What happened to the owners

Owners were often caught in a difficult middle ground. On one hand, blaming the animal helped them avoid full responsibility. On the other, courts sometimes punished owners for negligence, especially if their pigs roamed freely in streets or near homes, which was common in many towns.

Over time, as ideas about responsibility shifted, authorities increasingly focused on human behavior rather than on the animals themselves. Rules about fencing, tethering and urban cleanliness became stricter.
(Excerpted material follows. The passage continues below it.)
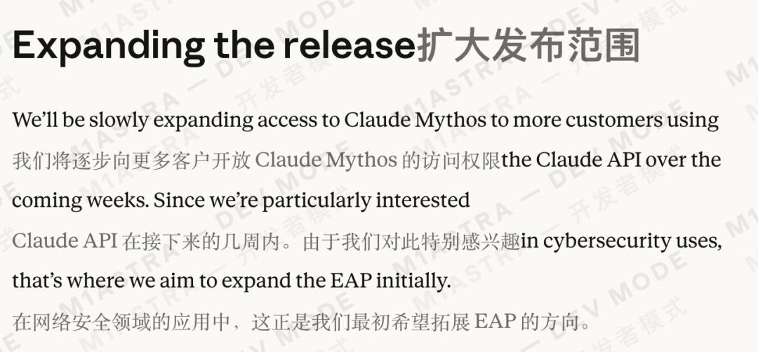 甚至,据传未来几周,Anthropic将通过Claude API对外开放Mythos。

Slowly, the figure in the dock changed from the pig to the person who failed to control it.

The slow fading of animal trials

By the 17th and 18th centuries, as legal thinking and theology changed, formal animal trials became rarer. Some were mocked by later writers as examples of the past’s supposed backwardness, which encouraged courts to quietly drop the practice.

At the same time, new scientific ideas about animal behavior and human responsibility took root. Rather than accusing a sow of “murder,” officials began to see attacks as predictable risks that could be reduced by better enclosures, different breeding or urban planning.

Why this strange history still matters

Animal trials may look like a bizarre historical footnote, but they raise questions that remain familiar. When something terrible happens, people still search for clear villains, simple stories and visible acts of justice, even when the real causes are complex.

These stories also remind us that law is never only about written rules. It is about belief, fear, symbolism and the need to make sense of a dangerous world. Once, that meant prosecuting pigs and locusts. Today, it might mean viral blame campaigns or calls for quick policy fixes after a tragedy.

Looking back at the “pig trials” of Europe, we do not just see how strange the past was. We also get a chance to notice our own habits of turning fear into ritual, and to ask whether we have become more rational or simply invented new kinds of symbolic justice.